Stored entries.
★ ★ ★

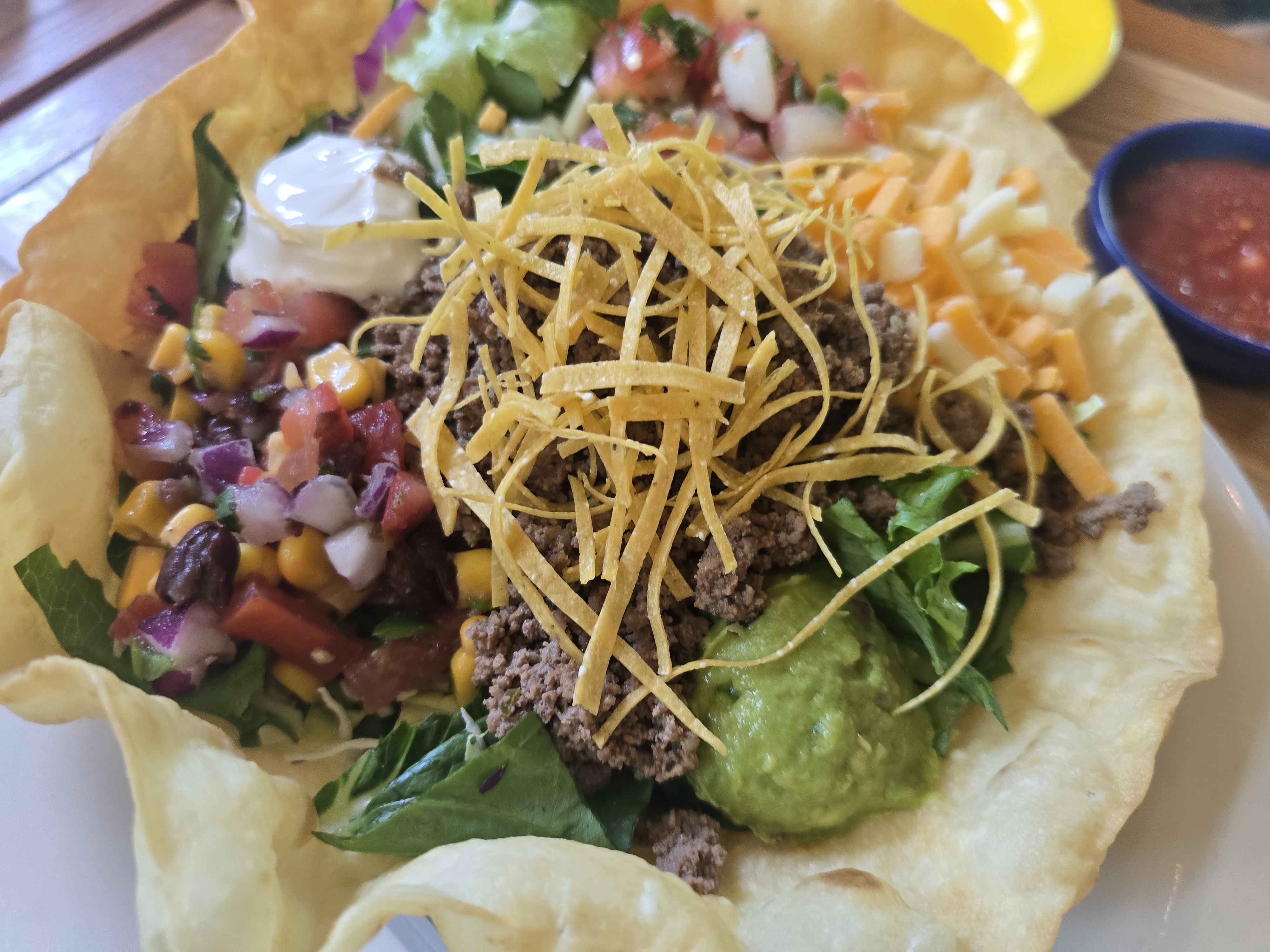 • 타코 샐러드: 접시 가득한 양상추, 토마토, 치즈, 그리고 고기 토핑까지 듬뿍 들어있어 푸짐했습니다. 상큼한 드레싱과 바삭한 토르티야 조각이 잘 어울렸고, 메인 메뉴 전 입맛을 돋우기에 충분했습니다.
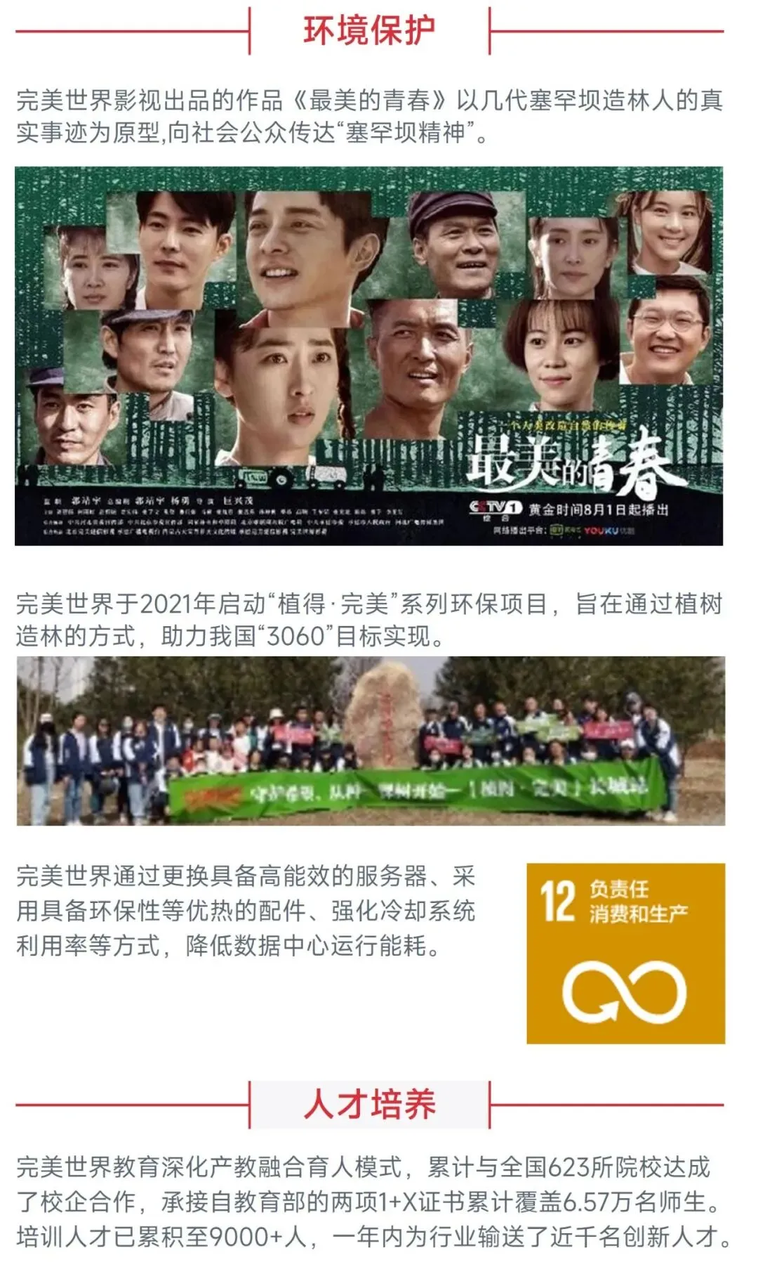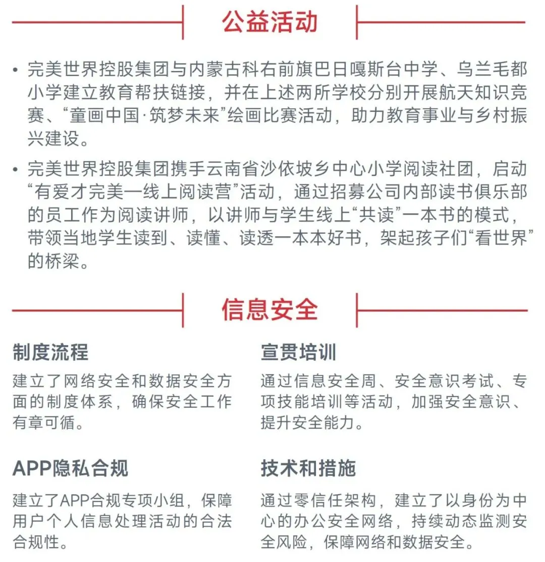 完美世界在数实融合、环境保护等方面持续履行社会责任,同时得益于多元的业务体系,完美世界围绕垂直领域的履责成果通常更为全面。在数实融合层面,近年来基于数字技术提升文化产业发展效果受到国家层面的重视,完美世界也依托于自身的技术积累和文化产品研运经验持续布局这一领域,将现实文化与数字内容有机结合,在游戏、文旅、数字人等细分领域均产出了代表性成果,有效推动了数实融合的实质性发展;环境保护方面,完美世界注重绿色可持续发展,通过影视、环保项目等方式调整自身工作布署,并向公众传播绿色发展理念;人才培养方面,完美世界教育深化产教融合育人模式,现阶段校企合作的院校数量已达数百所,一年内为产业输送近千名创新人才;此外,完美世界在公益活动、信息安全等领域也取得进展。
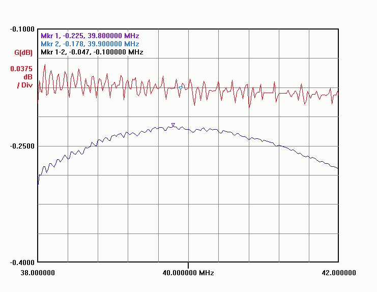 Upper graph: A piece of 50-Ω-coax with the length of lambda/2 Lower graph: Two matching sections parallel back to back The difference is -0,025 dB. Do you think we should talk about that? If you use better cables the difference will be less. If you construct a 50-Ω-choke for feeding a 50-Ω-Yagi or a choke with 2x75-Ω- or 2x50-Ω-cables in parallel makes no difference in the losses! |
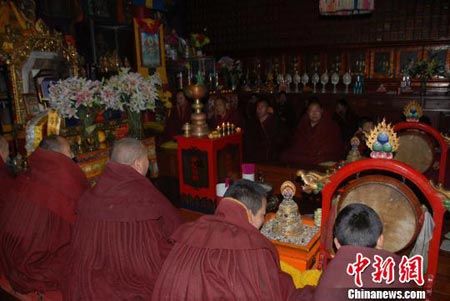 4月27日上午,五台山佛教界僧众为四川雅安地震灾民祈福(图:高峰毅)
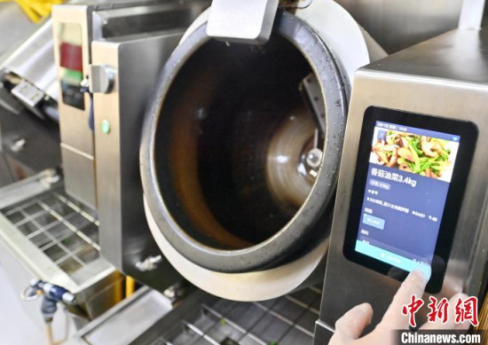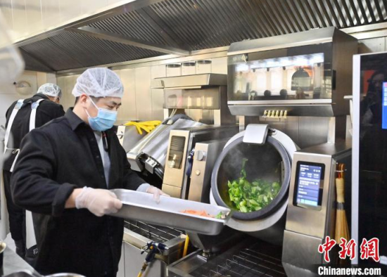 2月11日,吉林長(zhǎng)春,工作人員在智慧敬老食堂操作炒菜機(jī)器人進(jìn)行烹飪。據(jù)了解,在這個(gè)智慧敬老食堂用餐的老年人不僅能品嘗到由炒菜機(jī)器人制作的菜品,還能通過取餐通道旁邊的電子屏幕查看菜品的營(yíng)養(yǎng)成分等信息。中新社記者 張瑤 攝
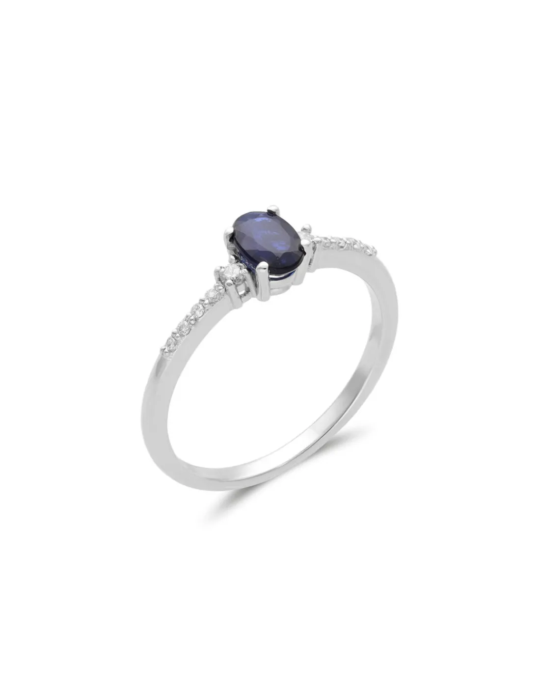 Anillo de oro blanco 1ª Ley (750 mmas) con zafiro natural oval y diamantes talla brillante. Una pieza ideal para pedida de mano con un diseño sencillo y moderno.
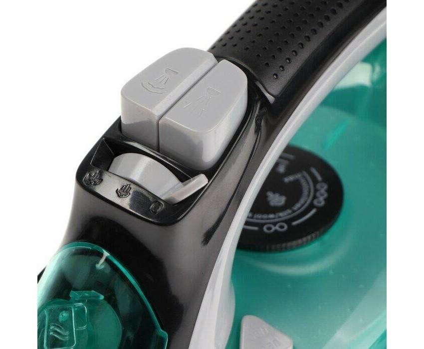 2200-2400Вт, резервуар д/воды 320 мл, подошва керамика (213х118 мм), регулируемый термостат, функции анти-капля и анти-накипь, распылитель воды, регулятор интенсивности пара, вертикал. отпаривание, паровой удар, автоочистка, мерн. стакан, внешняя длина шнура питания 1,65 м (общ.длина 1,8 м).
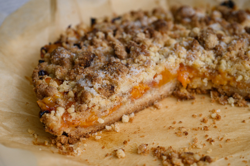 נערבב קמחים, אבקת סוכר ומלח עם חצי כוס שמן לפירורים חצי מהכמות נשטח על דף אפייה משומן. נהדק היטב, נמרח ריבה ומעל כף קמח שקדים או סולת, מעל נערום מישמשים, נפזר פירורים ומעל נבזוק כף סוכר
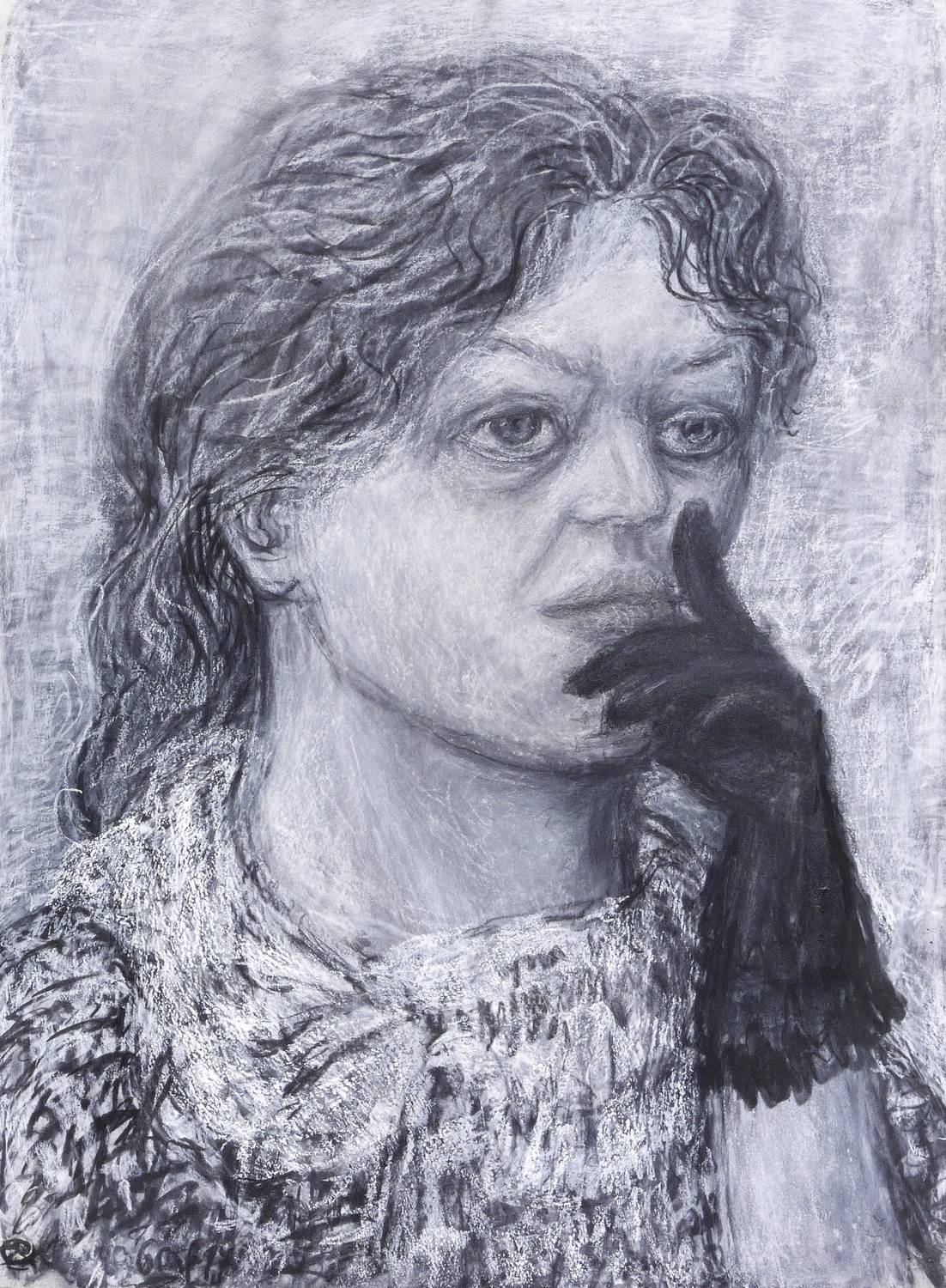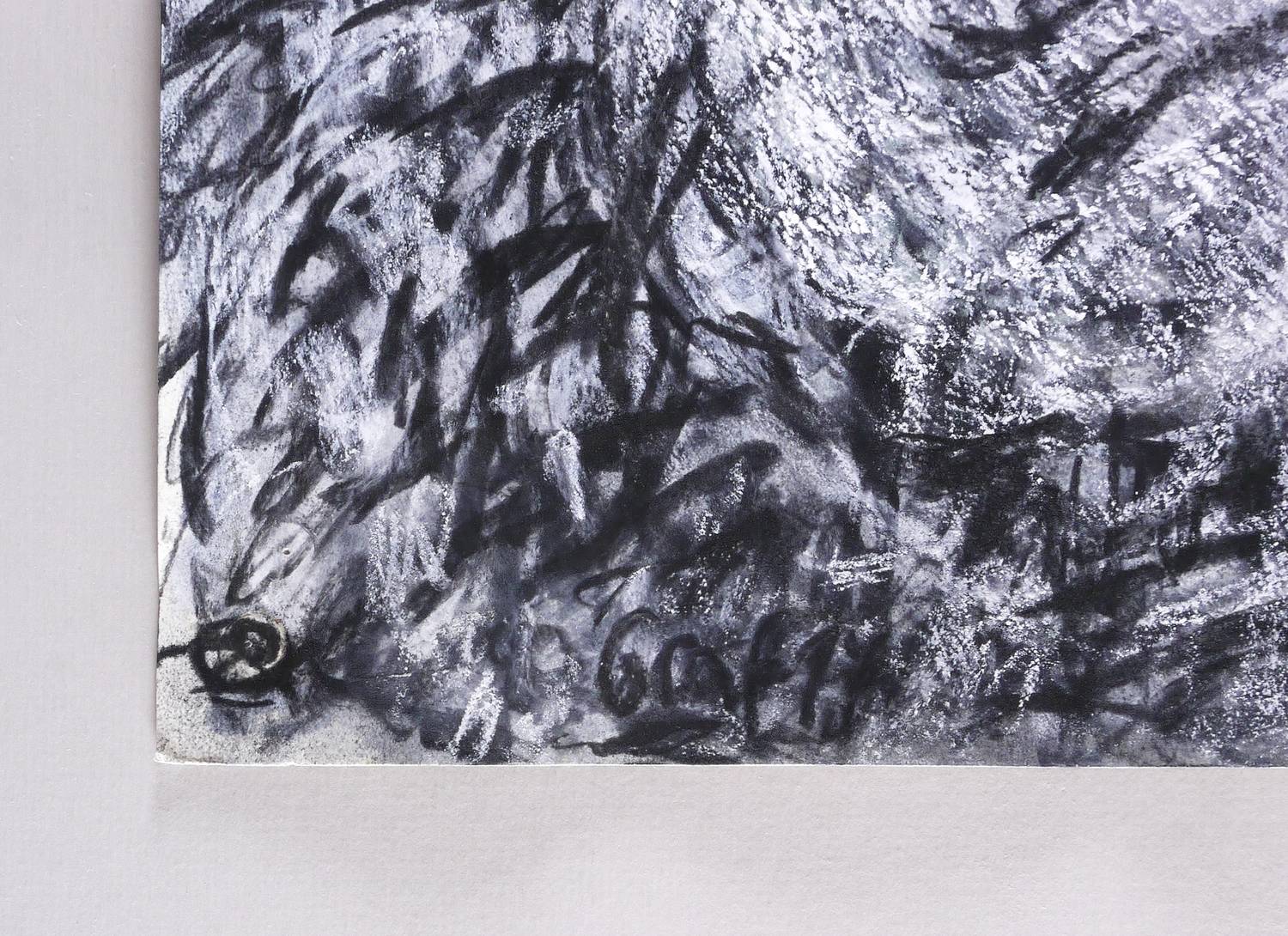2017. Zeichnung / Kohle- & Kreidezeichnung, partiell gewischt, auf Karton. – Originale Künstlergrafik, von Peter Graf. – Unikat. – 69,0 x 50,0 cm (Darstellung / Blatt).

★ ★ ★

REQUIRED WORK. Omit the pictures and write out the lines above from the one with "4月27日上午,五台山佛教界僧众为四川雅安地震灾民祈福(图:高峰毅)" through the last, unchanged.

SOLUTION TO THIS TASK.
 4月27日上午,五台山佛教界僧众为四川雅安地震灾民祈福(图:高峰毅)
 2月11日,吉林長(zhǎng)春,工作人員在智慧敬老食堂操作炒菜機(jī)器人進(jìn)行烹飪。據(jù)了解,在這個(gè)智慧敬老食堂用餐的老年人不僅能品嘗到由炒菜機(jī)器人制作的菜品,還能通過取餐通道旁邊的電子屏幕查看菜品的營(yíng)養(yǎng)成分等信息。中新社記者 張瑤 攝
 Anillo de oro blanco 1ª Ley (750 mmas) con zafiro natural oval y diamantes talla brillante. Una pieza ideal para pedida de mano con un diseño sencillo y moderno.
 2200-2400Вт, резервуар д/воды 320 мл, подошва керамика (213х118 мм), регулируемый термостат, функции анти-капля и анти-накипь, распылитель воды, регулятор интенсивности пара, вертикал. отпаривание, паровой удар, автоочистка, мерн. стакан, внешняя длина шнура питания 1,65 м (общ.длина 1,8 м).
 נערבב קמחים, אבקת סוכר ומלח עם חצי כוס שמן לפירורים חצי מהכמות נשטח על דף אפייה משומן. נהדק היטב, נמרח ריבה ומעל כף קמח שקדים או סולת, מעל נערום מישמשים, נפזר פירורים ומעל נבזוק כף סוכר
2017. Zeichnung / Kohle- & Kreidezeichnung, partiell gewischt, auf Karton. – Originale Künstlergrafik, von Peter Graf. – Unikat. – 69,0 x 50,0 cm (Darstellung / Blatt).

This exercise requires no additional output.